February 16, 20179 yr Bit of a mystery. The only two thing that I know for sure that should cause a parity error are a hard shutdown, and a memory issue. Your parity errors are in a tight little group - could be just one block of writes. Tends to make memory error unlikely - although can't rule it out. Feb 15 04:40:18 Tower2 kernel: md: recovery thread: PQ corrected, sector=3519069768 Feb 15 04:40:18 Tower2 kernel: md: recovery thread: PQ corrected, sector=3519069776 Feb 15 04:40:18 Tower2 kernel: md: recovery thread: PQ corrected, sector=3519069784 Feb 15 04:40:18 Tower2 kernel: md: recovery thread: PQ corrected, sector=3519069792 Feb 15 04:40:18 Tower2 kernel: md: recovery thread: PQ corrected, sector=3519069800 That is exactly 32 sectors = 16K. That could very well be the size of the unRAID parity block reads and writes. That error is about 1.7T into the parity check. I would suggest running another parity check. Sometimes I've seen a second parity check will flip the parity on the exact same set of sectors back.

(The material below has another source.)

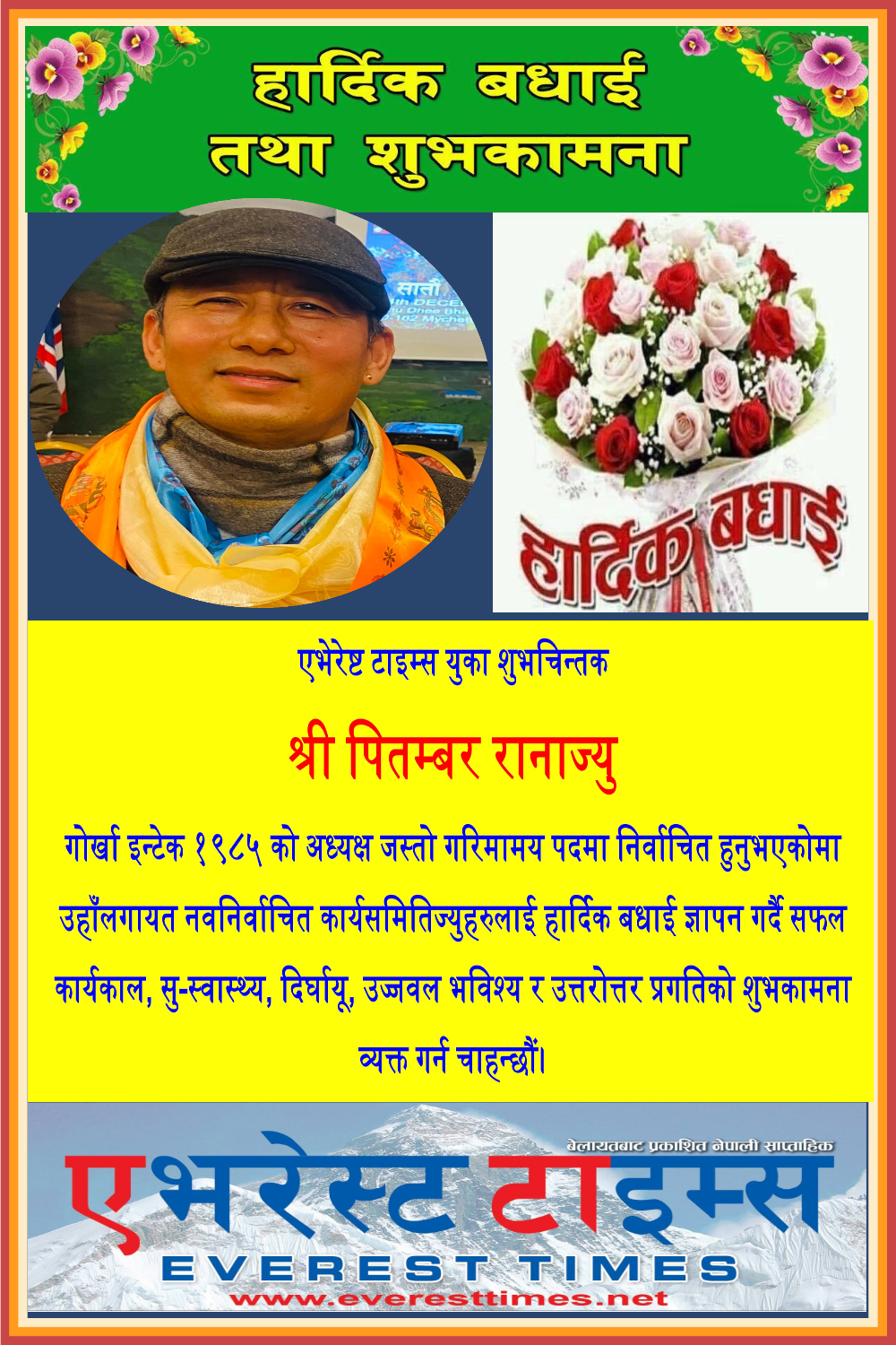 एभेरेष्ट टाइम्स युकेका शुभचिन्तक श्री पितम्बर रानाज्यु गोर्खा इन्टेक १९८५ को अध्यक्ष जस्तो गरिमामय पदमा निर्वाचित हुनुभएकोमा उहाँलगायत नवनिर्वाचित कार्यसमितिज्युहरुलाई हार्दिक बधाई ज्ञापन गर्दै सफल कार्यकाल, सु-स्वास्थ्य, दिर्घायू, उज्जवल भविश्य र उत्तरोत्तर प्रगतिको शुभकामना व्यक्त गर्न चाहन्छौं।

That would indicate some misread or mishandling of that 16K block on the original 1st parity check. Sorry for the trouble. Looks like you did most everything right in your build. Maybe someone else will find something or have another suggestion.
February 16, 20179 yr Without looking at your diagnostics, I can say that I had exactly that error: 5 errors in contiguous blocks on a server with a SAS2LP-MV8 controller and IOMMU enabled. I disabled IOMMU and ran a correcting parity check and the problem was fixed. See here.
February 16, 20179 yr Having written the above I decided I ought to take a look at your diagnostics. I see: IOMMU enabled Marvell controller My advice: either disable IOMMU in the BIOS or, if you really need hardware passthrough to VMs, replace your controller.
February 16, 20179 yr Author Thanks bjp999 & John_M! I kicked off a parity check this AM… hopefully the system ‘will flip the parity on the exact same set of sectors back’ and I can go back to trouble-free backups Hooking up a monitor will be a bit of a PITA as I will need to pull the rig down to attach a long gpu cable (The machine is in a tight well vented cabinet above head level). I will try altering syslinux.conf from append initrd=/bzroot to append iommu=pt initrd=/bzroot before physically moving the machine If I do need to hook up the gpu cable, I will run a memtest before messing with the IOMMU. The (marvel) controller in use happens to be the motherboard controller which has been in use for the ~4 year lifespan. My VMs do not utilize passthrough… I have a Windows 7 VM and a Elementary OS VM that are both turned on for a couple hours / month as needed (but not while parity is running). I also have a single docker (crashplan). Just so odd that this occurred out of the blue. (after upgrading to 6.3.1 I ran the pre/post parity check with no issues as is the norm).
February 16, 20179 yr I don't think the parity errors were introduced during the scheduled parity check. In my case that is impossible because my scheduled checks are non-correcting. Therefore the only time they could have occurred is during normal writes to the array. Both P and Q parity were affected.
February 16, 20179 yr Author This server's only SMB share is for the local Windows 7 VM -> which is seldom used. (only when I need to use Zortrax software to prep a STL for printing). The main purpose of this server is for hosting a Linux Desktop from which I run Rsync copies from my primary server.... which are then backed-up to crashplan cloud... In theory, these bulk writes all go to the cache drive. Still... interesting issue here.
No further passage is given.